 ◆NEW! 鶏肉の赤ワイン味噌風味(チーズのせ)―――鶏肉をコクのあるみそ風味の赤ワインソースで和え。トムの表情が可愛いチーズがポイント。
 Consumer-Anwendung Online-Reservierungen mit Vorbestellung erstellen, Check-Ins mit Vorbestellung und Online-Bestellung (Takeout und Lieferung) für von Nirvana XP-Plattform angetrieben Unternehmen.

--

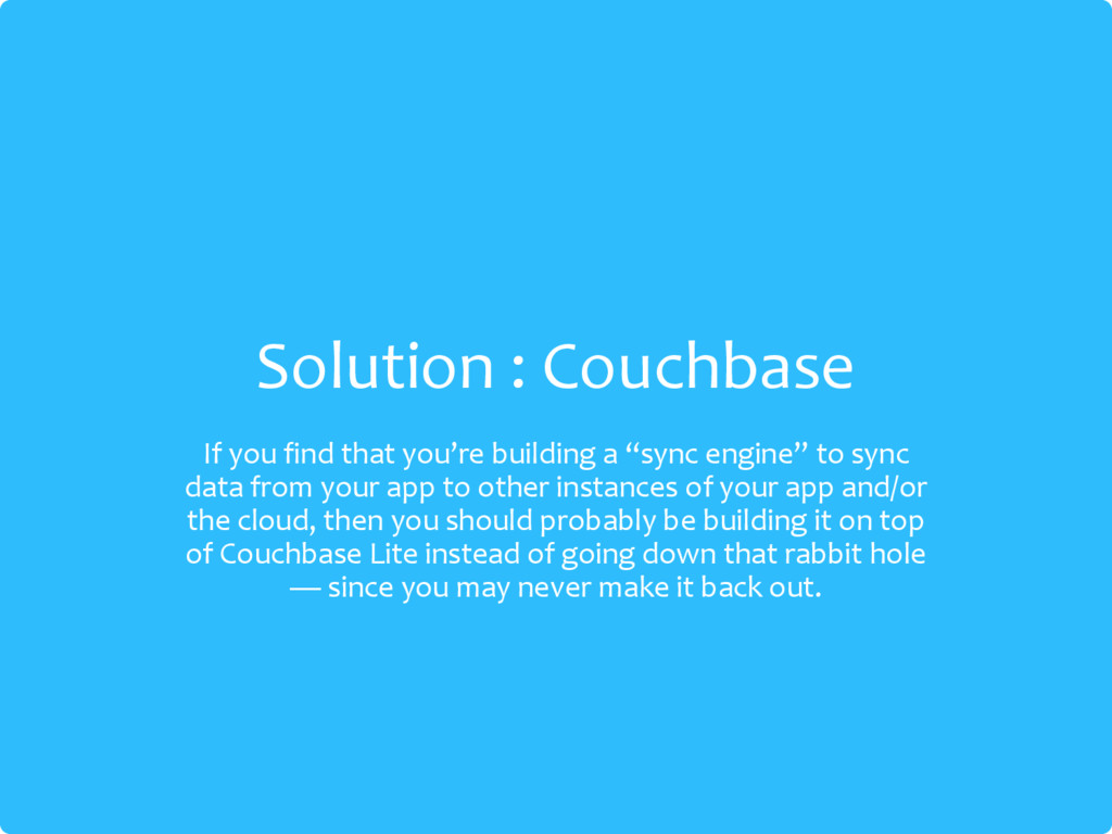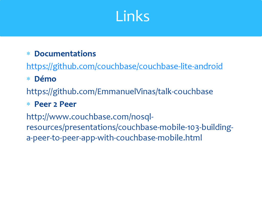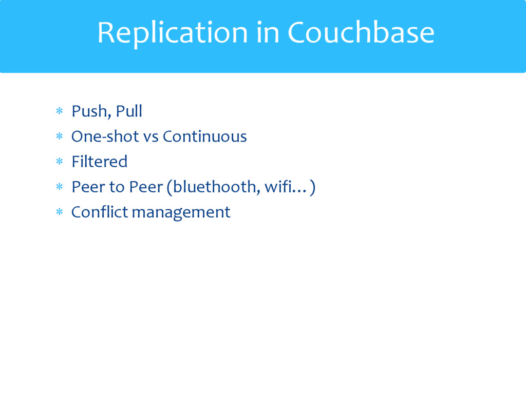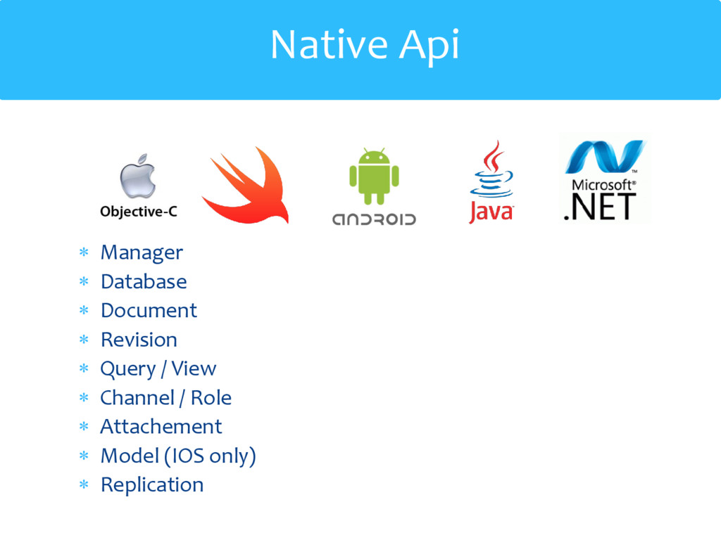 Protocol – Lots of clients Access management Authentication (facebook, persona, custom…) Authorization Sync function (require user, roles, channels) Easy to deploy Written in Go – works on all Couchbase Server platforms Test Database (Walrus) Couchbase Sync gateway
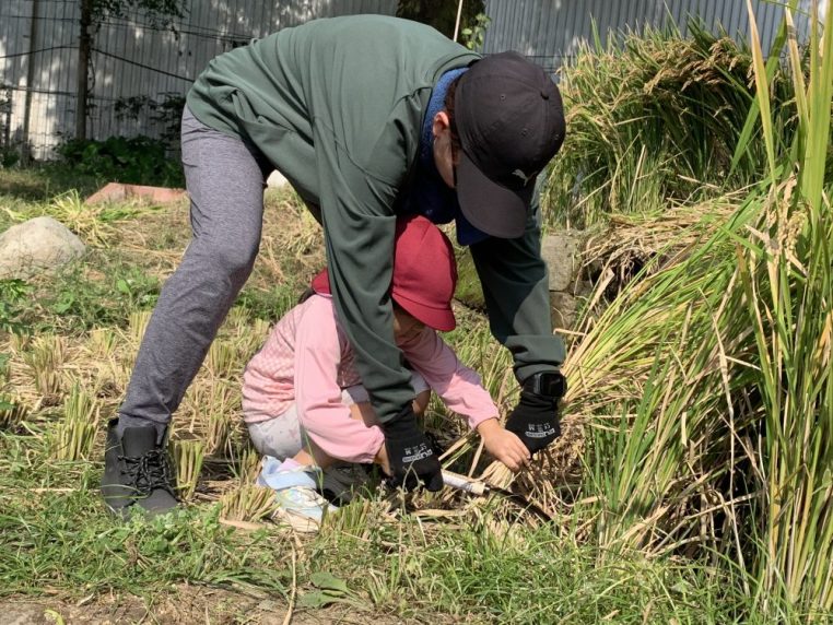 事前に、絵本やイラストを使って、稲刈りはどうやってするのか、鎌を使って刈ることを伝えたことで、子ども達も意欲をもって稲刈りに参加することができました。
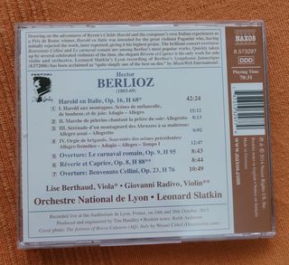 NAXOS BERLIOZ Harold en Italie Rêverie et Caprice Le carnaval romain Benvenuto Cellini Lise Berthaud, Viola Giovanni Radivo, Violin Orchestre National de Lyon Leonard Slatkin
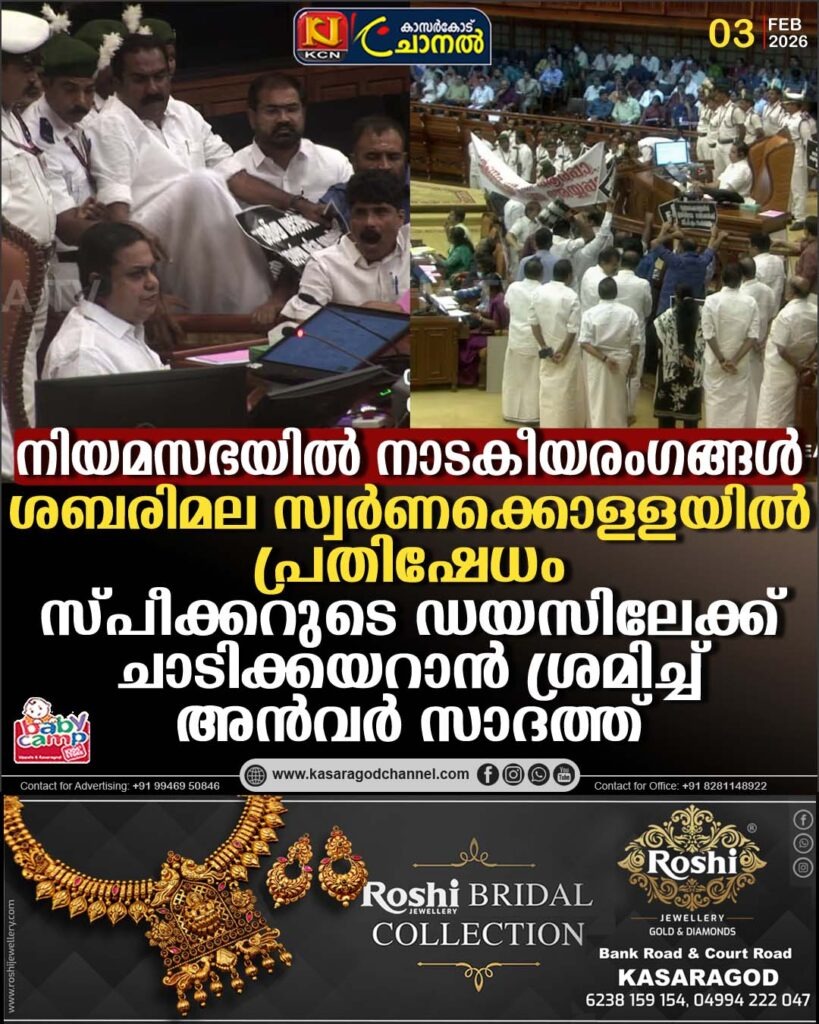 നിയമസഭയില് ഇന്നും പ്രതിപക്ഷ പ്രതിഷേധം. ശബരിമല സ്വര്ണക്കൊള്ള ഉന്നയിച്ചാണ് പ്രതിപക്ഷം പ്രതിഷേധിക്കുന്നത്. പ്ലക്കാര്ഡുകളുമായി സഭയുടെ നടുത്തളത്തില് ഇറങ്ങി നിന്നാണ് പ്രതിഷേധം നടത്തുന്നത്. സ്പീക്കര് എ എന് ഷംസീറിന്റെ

_Brief_:
In the listing above, find the line containing "事前に、絵本やイラストを使っ" and the line containing "നിയമസഭയില് ഇന്നും പ്രതിപക്ഷ". Print those two lines and every line between them exactly, with no pictures.

_Result of the exercise_:
 事前に、絵本やイラストを使って、稲刈りはどうやってするのか、鎌を使って刈ることを伝えたことで、子ども達も意欲をもって稲刈りに参加することができました。
 NAXOS BERLIOZ Harold en Italie Rêverie et Caprice Le carnaval romain Benvenuto Cellini Lise Berthaud, Viola Giovanni Radivo, Violin Orchestre National de Lyon Leonard Slatkin
 നിയമസഭയില് ഇന്നും പ്രതിപക്ഷ പ്രതിഷേധം. ശബരിമല സ്വര്ണക്കൊള്ള ഉന്നയിച്ചാണ് പ്രതിപക്ഷം പ്രതിഷേധിക്കുന്നത്. പ്ലക്കാര്ഡുകളുമായി സഭയുടെ നടുത്തളത്തില് ഇറങ്ങി നിന്നാണ് പ്രതിഷേധം നടത്തുന്നത്. സ്പീക്കര് എ എന് ഷംസീറിന്റെ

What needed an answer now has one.